First, he and fellow Austrian School economists such as Ludwig Von Mises argued that the economy is more complicated than the simple Keynesian story. Boosting aggregate demand by keeping school teachers employed will do little to help the construction workers and manufacturing workers who have born the brunt of the current downturn…

Second, Hayek highlighted the Fed's role in the business cycle. Former Fed Chairman Alan Greenspan's artificially low rates of 2002-2004 played a crucial role in inflating the housing bubble and distorting other investment decisions. Current monetary policy postpones the adjustments needed to heal the housing market.

Third, as Hayek contended in "The Road to Serfdom," political freedom and economic freedom are inextricably intertwined. In a centrally planned economy, the state inevitably infringes on what we do, what we enjoy, and where we live…  Economic control becomes political control.

Even when the state tries to steer only part of the economy in the name of the "public good," the power of the state corrupts those who wield that power…  Crony capitalism shouldn't be confused with the real thing.

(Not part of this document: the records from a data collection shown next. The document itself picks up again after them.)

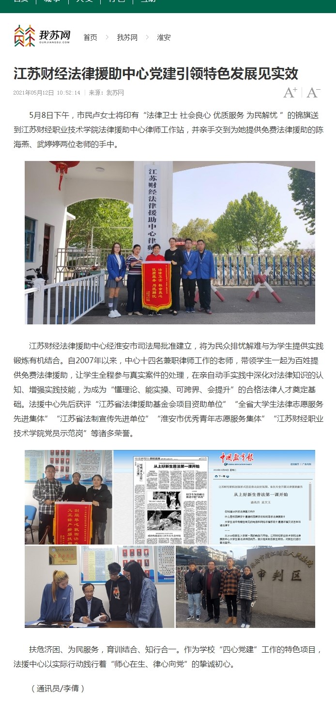 【我苏网】江苏财经法律援助中心党建引领特色发展见实效
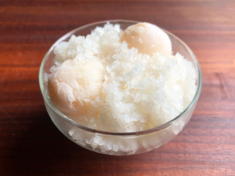 This is a lovely summer treat, which can be made with just 1 can of Lychees in Syrup. Blend the the content of the can of Lychees into smooth puree, add a little bit of Lemon Juice and Sugar if you like, freeze it until icy, then use a fork to break up into crystals. …
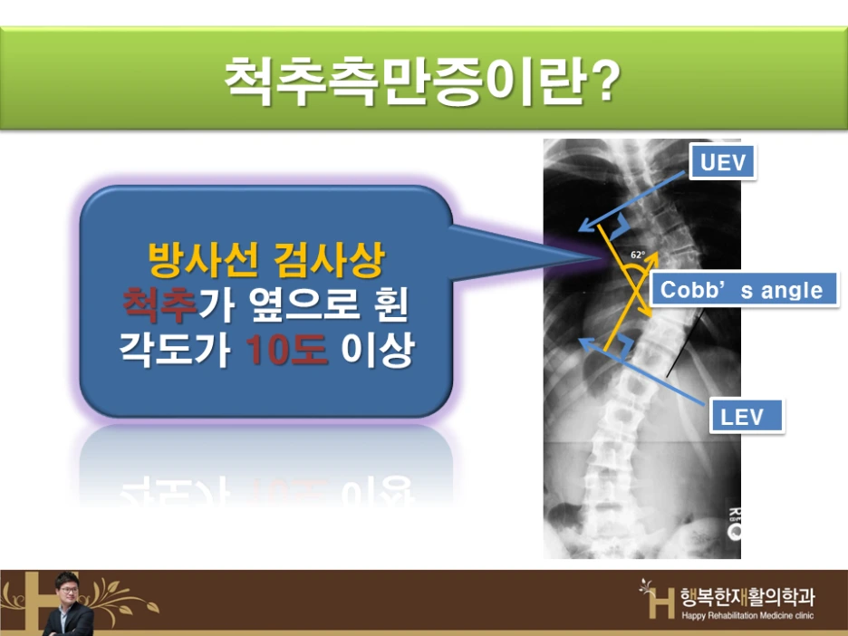 측만증은 척추의 모양이 앞이나 뒤에서 봤을 때 옆으로 휘어지는 병을 말합니다. 엑스레이로 검사 했을 때 옆으로 휜 각도가 10도 이상이면 측만증으로 진단합니다.
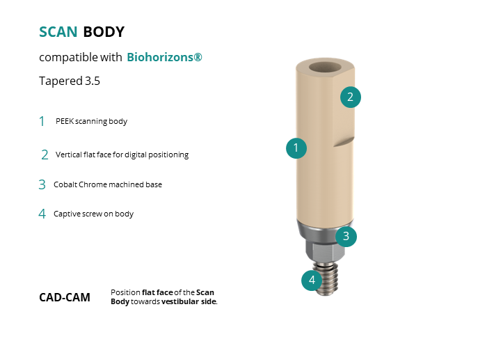 - CAD-CAM: Position flat face of the Scan Body towards vestibular side.
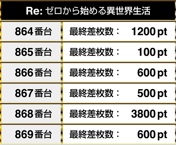 閉店時は複数台にわたってプラスptが連なっている場所があり、なかには3000ptを上回る台もあった。

The fourth timely idea of Hayek's is that order can emerge not just from the top down but from the bottom up. The American people are suffering from top-down fatigue. President Obama has expanded federal control of health care. He'd like to do the same with the energy market. Through Fannie and Freddie, the government is running the mortgage market. It now also owns shares in flagship American companies. The president flaunts the rule of law by extracting promises from BP rather than letting the courts do their job. By increasing the size of government, he has left fewer resources for the rest of us to direct through our own decisions.

Hayek also “understood that the opposite of top-down collectivism was not selfishness and egotism.”